京都と坂東の中世史

元木泰雄・佐伯智広・横内裕人著『平氏政権と源平争乱』(吉川弘文館)を読みました。「京都の中世史」と銘打った叢書の第2巻です。買い置きしてあった川合康さんの『源頼朝―すでに朝の大将軍たるなり―』(ミネルヴァ書房 2021/6)と重なる時代なので、並行して読みました。京都の視点はつまり従来の歴史的視点ですが、空間的に政治都市京都を描く記述があるのが、有難く思われました。

両書を読み進めながら、平家物語諸本を総体として見れば、じつによく時代の転換の要所要所を捉えているんだなあ、と実感しました(尤も、用心しながらも歴史学者平家物語を史料として利用した結果の残存かもしれません)。殊に、読み本系諸本に断片的に現れては脈絡無く消える記事のあれこれが、当時の大きな動きの一端だったんだ、と知らされ、「目から鱗」でした。改めてそれらを読み直してみたいと思います。
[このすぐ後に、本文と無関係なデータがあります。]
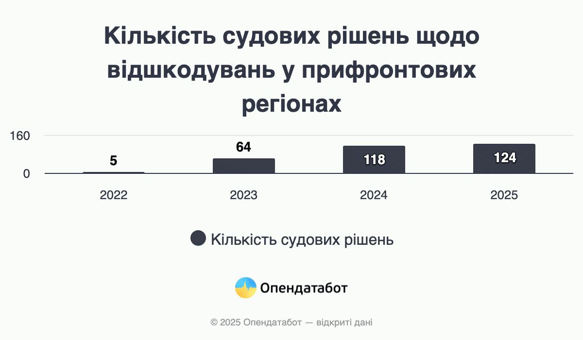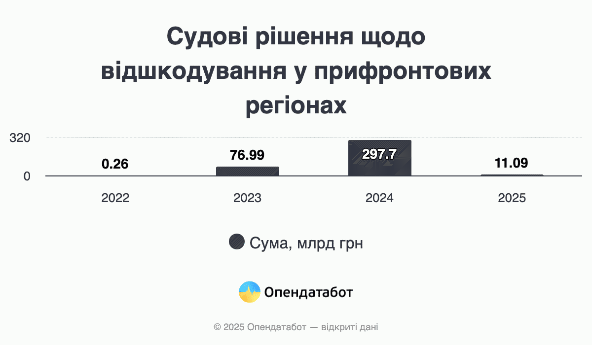 В 2022 году было принято только 5 таких решений, однако уже за год их количество выросло в десять раз. А за неполный текущий год суды уже вынесли 124 решения. Вместе с количеством растут и суммы требований. Так, в первый год полномасштабного бизнеса присудили компенсировать только 260 млн грн, а уже в 2023-м сумма решений судов выросла до почти 77 млрд грн. Абсолютный пик пришелся на 2024 год — более 297 млрд грн. В этом году сумма решений снизилась до 11 млрд грн.

両書とも自信を以てさくさくと、また大きなストライドで記述を進めているので、読む方も爽快です。前者は 武者の世の到来・鳥羽院政と院近臣・権門の分裂と保元の乱平治の乱と清盛の勝利・平清盛後白河院平氏政権の成立・福原遷都と内乱・戦乱と荒廃・鎌倉殿の入京・中世荘園制の成立・院政と顕密仏教の展開・内乱と京の再生 という章立て、後者は 頼朝の遺産・河内源氏の繁栄と低迷・幼年期の頼朝と保元の乱平治の乱と伊豆配流・流人頼朝の挙兵・頼朝率いる反乱軍の動向・流動化する内乱情勢の行方・頼朝の変貌と鎌倉幕府権力の展開・頼朝の政治と建久の「平和」 という構成になっており、単なる伝記に終わってはいません。同時に読んだのは成功でした。

折から、あまりにも戯画化された頼朝がTV画面に登場していますが、この2著は現在の歴史学最新の成果を詰め込み、痛快に私たちの思い込みを粉砕してくれます。